This train of thought started when I heard about Murray Straus’ most recent findings. Straus’ area of expertise is spanking. Over the years numerous studies have come out showing the dangers of spanking or other methods of corporal punishment. From a greater chance of having depression to slower rates of mental growth to increased aggression, there’s no shortage of evidence backing up the belief that corporal punishment is a harmful method of discipline.

Straus recently presented even more evidence against corporal punishment from a study that is the first to show a correlation between sexual behaviour and corporal punishment. He found that adults who were spanked (or experienced other forms of corporal punishment) have,

an increased probability of verbally and physically coercing a dating partner to have sex; risky sex such as premarital sex without using a condom; and masochistic sex such as spanking during sex.

Let’s consider for a second that Straus’ collective body of research is the most substantial and most valid of corporal punishment research available. Would this new information convince those die-hard spankers to change their beliefs? Now that the list of negatives associated with spanking has grown, will the number of people who spank, shrink?

I wish I could answer that question but I can’t; there are many theories regarding people and change. But I believe that this topic highlights just how complicated the human mind is. After all, on the surface it seems as if the issue of spanking would be a done deal. After all, parents don’t want their children to have all the problems that corporal punishment seems to cause; yet a huge percentage of people still spank their children. There seems to be a disconnect.

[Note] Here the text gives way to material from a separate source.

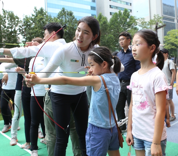 현대백화점은 브라질 국제 스포츠 대회 양궁 개인 결승전을 앞둔 11일 강남구 상성동에 취지한 무역센터점 정문 광장에서 '양궁 꿈나무 후원을 위한 금메달리스트 스페셜 매치'를 진행했다.

Therein lies the problem inherent throughout society. When new research or theories provide insights that will improve efficiency or motivation or marital happiness, etc. it doesn’t mean too much. Not at first. Because people must buy into this new information. They must buy into it enough so that they become willing to accept change. Therefore, the ability to create change is quite powerful.

In the end, I appreciate the work of Straus and his colleagues. Unfortunately, I know that their information is just the first step. Now the real work begins. How do you convince people that spanking isn’t a good method of discipline –- ever? If someone has the answer, let me know; I know a number of people who will insist, in spite of Straus’ discovery, that a little spanking never hurt anyone.

References

Straus, Murray A. (Powerpoint Presentation) Spanking By Parents: The Primordial Violence and Its Effects on Children. Soc 695 Family Violence Research In World Perspective.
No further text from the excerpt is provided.